Mahkememizce Mali Müşavir Bilirkişi …’den alınan … tarihli raporunda sonuç olarak;”Davacı firmanın defterlerinin 2.sınıf defter (işletme defteri) olması sadece gelir ve gider bölümlerinin olması, defterde cari hesap ayırımı olmadığından taraflar arasında dava konusu edilen franchise sözleşmesinin imzalandığı tarihten dava tarihine kadar tarafların birbirlerinden alacak ve borç kalemlerinin dökümü mümkün olmadığı, Sözleşmenin yürürlükte olduğu 2015 ve 2016 yıllarında davacı firmanın zarar ettiği, bu nedenle davacının talep ettiği sonraki dönemler için kazanç kaybı (mahrum kalınan kar) bulunmadığı” sonuç ve kanaatine varmıştır.

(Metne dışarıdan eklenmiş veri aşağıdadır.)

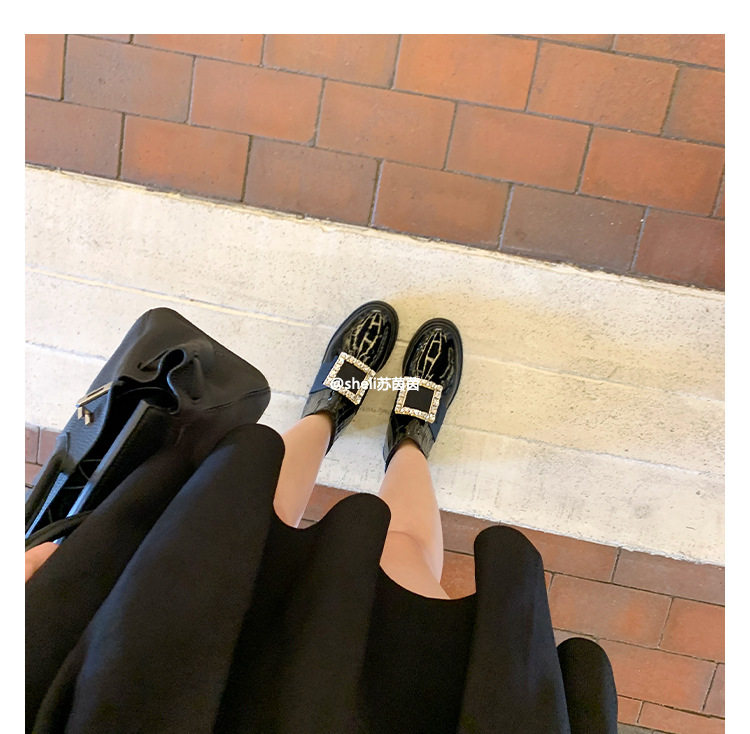 • 블랙 페이턴트 가죽 다이아몬드 버클 (벨벳)

… tarihli raporda Mali Müşavir Bilirkişi … ek raporunda , Hukukçu bilirkişi …kök raporunda sonuuç olarak; “Tüm delillerin ve hak kazanma koşullarının, nihai takdir ve değerlendirmesi Sayın Mahkemeye ait olmak üzere, rapor içeriğinde yapılan tespit ve değerlendirmeler ışığında; Mali Müşavir Bilirkişi Yönünden;
• Davacının itirazları rapor içeriğinde değerlendirilmiş, herhangi yeni bir belge bilgi olmadığından görüşüm değişmediğinden kök raporumu aynen tekrar ederim
Borçlar Konusunda Uzman Bilirkişi Yönünden
Davalının sözleşmeyi haksız olarak feshettiği Yargıtay tarafından onaylanmış bir kararla tespit edilmiştir. Bu durumda TBK m.125 sebebiyle uğranılan zararların talep edilmesi mümkündür.

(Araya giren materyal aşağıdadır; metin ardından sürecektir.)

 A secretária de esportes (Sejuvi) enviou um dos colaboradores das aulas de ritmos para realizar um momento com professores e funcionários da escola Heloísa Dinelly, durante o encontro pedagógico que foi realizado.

Zarar kalemleri; menfi zarar, müspet zarar, mahrum kalınan kar, denkleştirme tazminatı olabilecektir. Zararın talep edilebilmesinin ön şartı ise, zararın ispatıdır. Haksız fesih sebebiyle oluşan zararın tespiti ve giderilmesi gerekmekle birlikte, Sözleşmenin yürürlükte olduğu 2015 ve 2016 yıllarında davacı firmanın zarar ettiği, bu nedenle davacının talep ettiği sonraki dönemler için kazanç kaybı (mahrum kalınan kar) bulunmadığı” sonuç ve kanaatine varmışlardır.
Denizli …Asliye Hukuk Mahkemesi’nin …esas, …karar sayılı ilamı ile,” sözleşmenin davacı tarafından sözleşmede belirtilen koşullar gereği haklı olarak feshedildiğinin kabul edilemeyeceği fesih sonrasında davalının davacıya ait markayı kullanmaya devam ettiğine dair bir delil bulunmadığı, sözleşmenin haklı olarak feshedilmemesi nedeniyle davacının sözleşmeden kaynaklı franchise alacağının bulunmadığı kanaatine varılmakla” gerekçeleri ile davanın reddine karar verildiği, verilen kararın bölge Adliye Mahkemesi ve Yargıtay incelemesinden geçerek kesinleştiği anlaşılmıştır.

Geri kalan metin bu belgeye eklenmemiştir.